Flugreisen stellen immer für Amateurastronomen ein
Problem dar. Wobei das Problem relativ ist. Denn wenn man sich den
Fluggesellschaften fügt und sich auf die Freigepäckgrenze begrenzt, dann
gibt es kaum Probleme. Hat man allerdings mehr als die meist 20 Kilogramm
Freigepäck, dann bitten die Fluggesellschaften einen zur Kasse. Wobei man
auch Glück haben kann und einige Kilo toleriert werden. CONDOR hat uns
schon mal 10 Kilo frei gegeben! Ich denke das hängt auch von der
Auslastung der Maschine ab.
Als Faustregel kann bei dem Freigepäck folgendes beachtet werden. 20 Kilo
bei europäischen Flügen und 30 Kilo bei Langstrecken Flügen.
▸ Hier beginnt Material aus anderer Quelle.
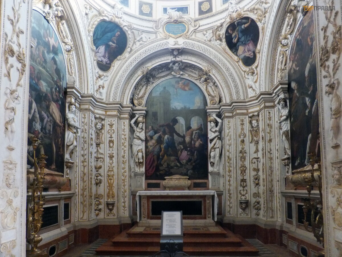 Kairė je katedros navoje esanč ius vargonus puoš ia graž us Bruzasorchi paveikslas, kuriame galima pamatyti biblinę sceną – Š venč iausiosios Dievo Motinos ė mimą į dangų , taip pat keturių vyskupų atvaizdus. miesto. Š is unikalus paveikslas buvo padarytas XVI a.
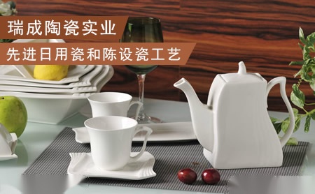 瑞成陶瓷实业有限公司专业生产各类日用瓷和陈设瓷。公司设备优良,技术力量雄厚,拥有大批的专业技术人才。产品种类齐全,品种繁多。质量稳定、价格合理. 中温色釉、玻璃釉日用瓷产品做工精巧,器型新颖,釉色丰富,色彩艳丽。 强化瓷餐具款式高雅,采用高含量氧化铝配方,坚固耐用,适用于烤炉、微波炉、洗碗机、冰箱。产品经检验,铅镉溶出量符合国际标准的要求。
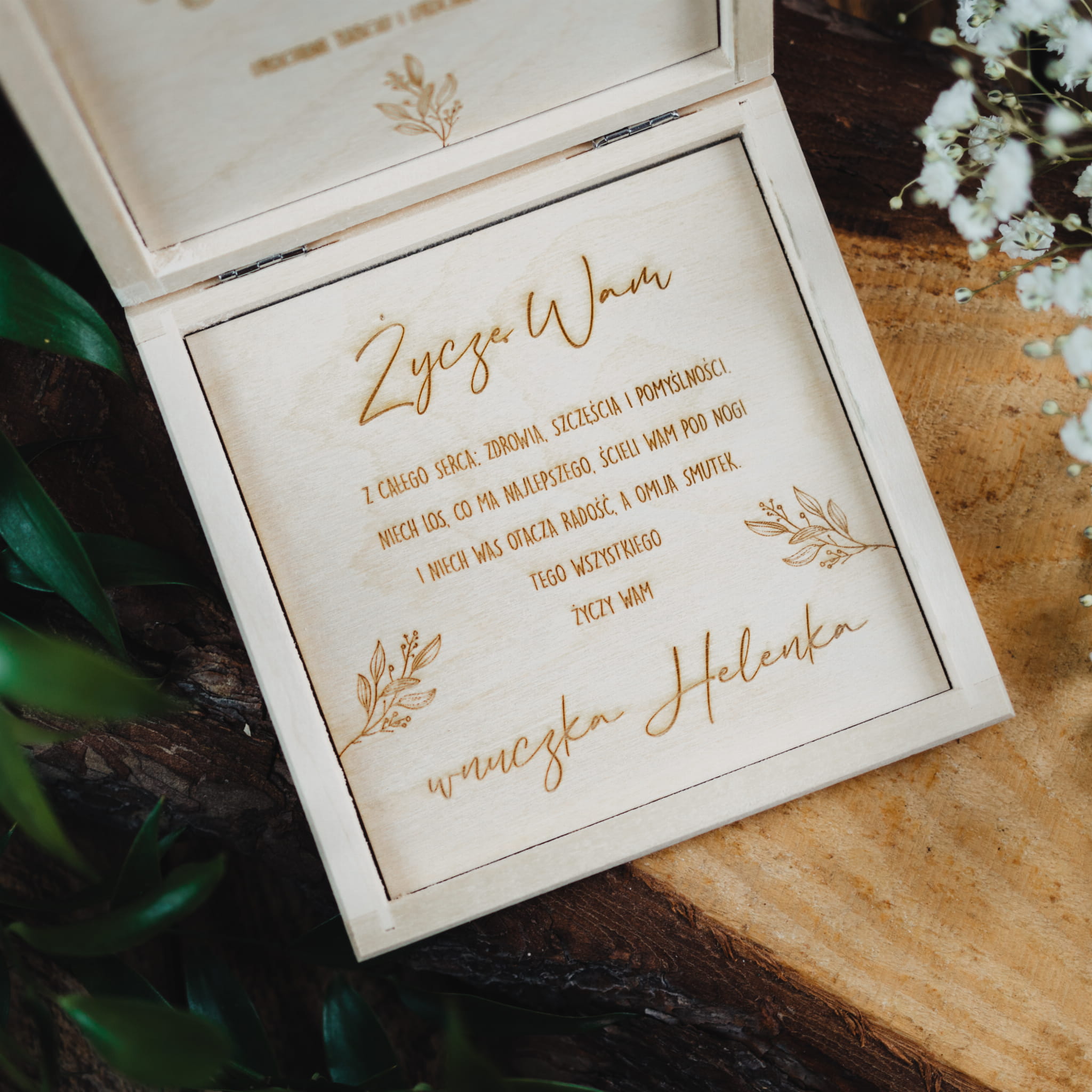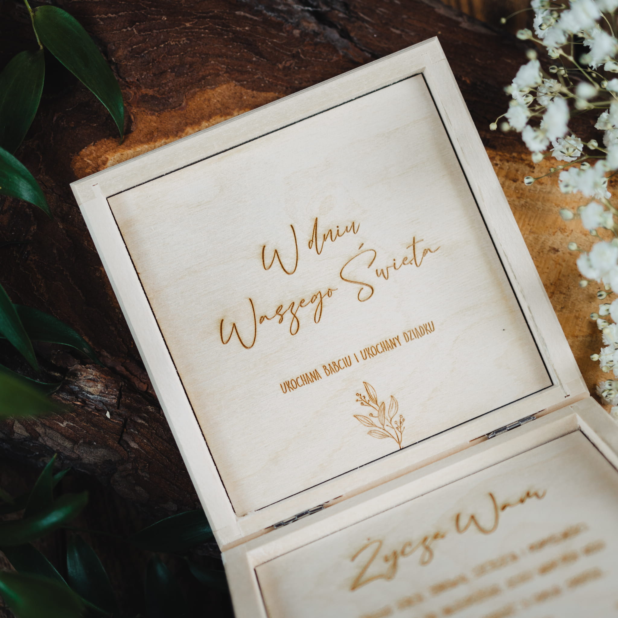 Drewniane personalizowane pudełeczko z życzeniami wywoła zachwyt na twarzach Dziadków.

Ein weiteres Problem ist die Optik, die man evtl. aufgibt. Haben Sie
durchs Fenster schon mal eine Beladung eines Flugzeuges gesehen? Nein?
Wenn Ja dann geben Sie Ihre Optik nicht mehr auf.
Packen Sie die Optik ins Handgepäck. Egal ob es 10, 15 oder 20 Kilo sind.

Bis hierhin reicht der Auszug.